No. 20-1101 & 20-3392 ___________

KAREN TUCKER, Appellant

v.

(HP) HEWLETT PACKARD, INC.; HEWLETT PACKARD COMPANY (HP) ____________________________________

On Appeal from the United States District Court for the District of New Jersey (D.C. Civil Action No. 1:14-cv-04699) District Judge: Honorable Robert B. Kugler ____________________________________

Submitted pursuant to Third Circuit LAR 34.1(a) August 20, 2021

Before: AMBRO, PORTER and SCIRICA, Circuit Judges

(Opinion filed: September 7, 2021) _________

OPINION* _________

* This disposition is not an opinion of the full Court and pursuant to I.O.P. 5.7 does not constitute binding precedent. PER CURIAM

Before the Court are consolidated appeals from pro se appellant Karen Tucker,

who brought products-liability claims against appellee HP Inc.,1 based on allegations that

she was burned and electrically shocked by her HP laptop as a result of a defective power

cord. After summary judgment was granted in favor of Appellee, Appellant filed three

motions for reconsideration, all of which were denied. For the reasons that follow, we

will affirm.

I.

Appellant initiated this pro se action in July 2014. Protracted litigation followed,

including the District Court’s October 2016 dismissal of the case, which this Court

vacated and remanded. See Tucker v. (HP) Hewlett Packard, Inc., 689 F. App’x 133

(3d Cir. 2017) (per curiam). In October 2018, following the close of discovery, Appellee

filed a motion seeking both summary judgment and to exclude Appellant’s proffered

expert from testifying regarding his opinions. Following an April 30, 2019 hearing, the

District Court granted both requests from the bench. Judgment was entered on May 1,

2019.

On August 15, 2019, Appellant filed a motion for reconsideration, pursuant to

Rule 59(e) of the Federal Rules of Civil Procedure (hereinafter “First Motion for

1 Appellee asserts that it was incorrectly designated as Hewlett Packard, Inc. in Appellant’s filings.

2 Reconsideration”).2 On December 31, 2019, the District Court denied it as meritless and

noted in a footnote that it was untimely. On January 13, 2020, Appellant filed a notice of

appeal. In February 2020, she filed a motion under Federal Rule of Civil Procedure 60(b)

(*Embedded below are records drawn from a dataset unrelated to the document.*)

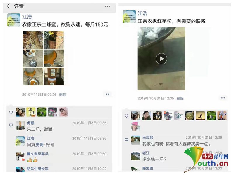 全縣23個(gè)鄉(xiāng)鎮(zhèn)的土豬、土雞、蜂蜜、葛根粉、干菜等土特產(chǎn)在他的朋友圈“輪番出售”。“農(nóng)家正宗土蜂蜜,預(yù)購(gòu)從速,每斤150元。”今年“雙11”之前,江浩在朋友圈“賣(mài)貨”,不一會(huì)兒便有買(mǎi)家留言,“來(lái)二斤,謝謝!”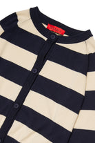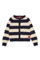 Cardigan aus 100% Baumwolle mit Streifen und appliziertem Logo am Saum. Ein ikonisches Kleidungsstück mit Knopfleiste vorne und kontrastierenden Details.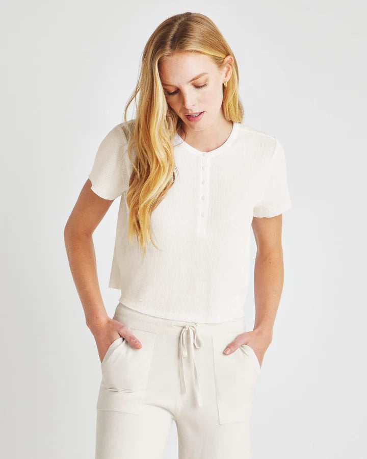 This cozy thermal is made in a T-shirt silhouette with short sleeves and a slightly boxy fit. The crewneck with button placket and waffle texture reflect its signature henley thermal design, while the raw edges give it a laidback finish.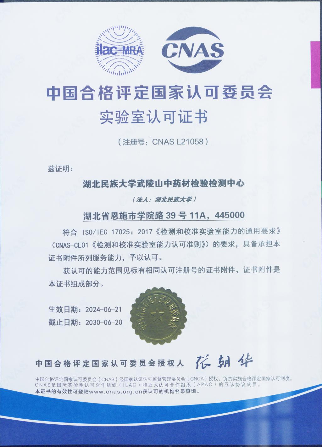 中心位于湖北省恩施市学院路39号(yL23411永利官网登录校内11号教学楼A区),兼负中药材检验检测和中药材科研两大职能,总建筑面积近8000平方米,其中检验检测场地面积近3000平方米。中心于2021年10月获得检验检测机构资质认定证书(CMA),于2024年6月获得中国合格评定国家认可委员会认可证书(CNAS)。中心作为第三方检验检测机构,内设办公室、质量管理部、质量检测部和技术部,拥有先进仪器设备660余台(套),价值3000余万元,具备2020年版药典一部616种中药材产品、40项参数检测能力。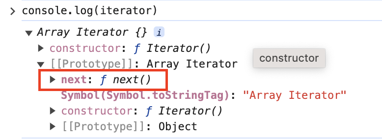 그리고 [Symbol.iterator] () 함수는 내부에 next() 메소드를 가집니다.

to correct, dismiss and vacate the District Court’s December 31, 2019 order denying the

First Motion for Reconsideration, arguing that the Court erred in holding that it was

untimely (hereinafter “Second Motion for Reconsideration”). On June 29, 2020, the

District Court denied the Second Motion for Reconsideration, noting that it failed to

address the Court’s denial of the First Motion for Reconsideration as meritless. On July

14, 2019, Appellant filed another motion for reconsideration, citing both Rule 59(e) and

Rule 60(b), and seeking reconsideration of the District Court’s orders denying her prior

two motions for reconsideration (hereinafter “Third Motion for Reconsideration”). On

November 9, 2020, the District Court denied the Third Motion for Reconsideration, and,

on November 20, 2020, Appellant filed another notice of appeal. In this Court, the two

appeals were consolidated, and the parties have filed briefs.

2 After entering judgment, the District Court granted Appellant’s requests for a transcript fee waiver and an extension of time to file a motion for reconsideration, directing her to provide the Court with an email address to which the transcript could be sent when it was ready and permitting her to file a motion for reconsideration within 14 days of receiving the transcript. The transcript was docketed on May 30, 2019; however, it was not emailed to Appellant until July 30, 2019. Appellant asserts that a District Court law clerk told her on the phone that the District Court had given her an August 15, 2019 deadline to file a motion for reconsideration.

3 II.

We first consider our jurisdiction. In addition to challenging the orders denying

her three motions for reconsideration, Appellant appears to seek appellate review of the

May 1, 2019 Judgment excluding her expert from testifying and granting summary

judgment in favor of Appellee. Appellant had 30 days to appeal the May 1, 2019

judgment, see Fed. R. App. P. 4(a)(1)(A), but the January 13, 2020 notice of appeal was

filed well after the 30-day deadline. If the First Motion for Reconsideration had been

timely filed, i.e., within 28 days of the May 1, 2019 judgment, see Fed. R. Civ. P. 59(e),

she would have had 30 days from the entry of the order denying the First Motion for

Reconsideration to challenge the May 1, 2019 judgment on appeal, see Fed. R. App. P.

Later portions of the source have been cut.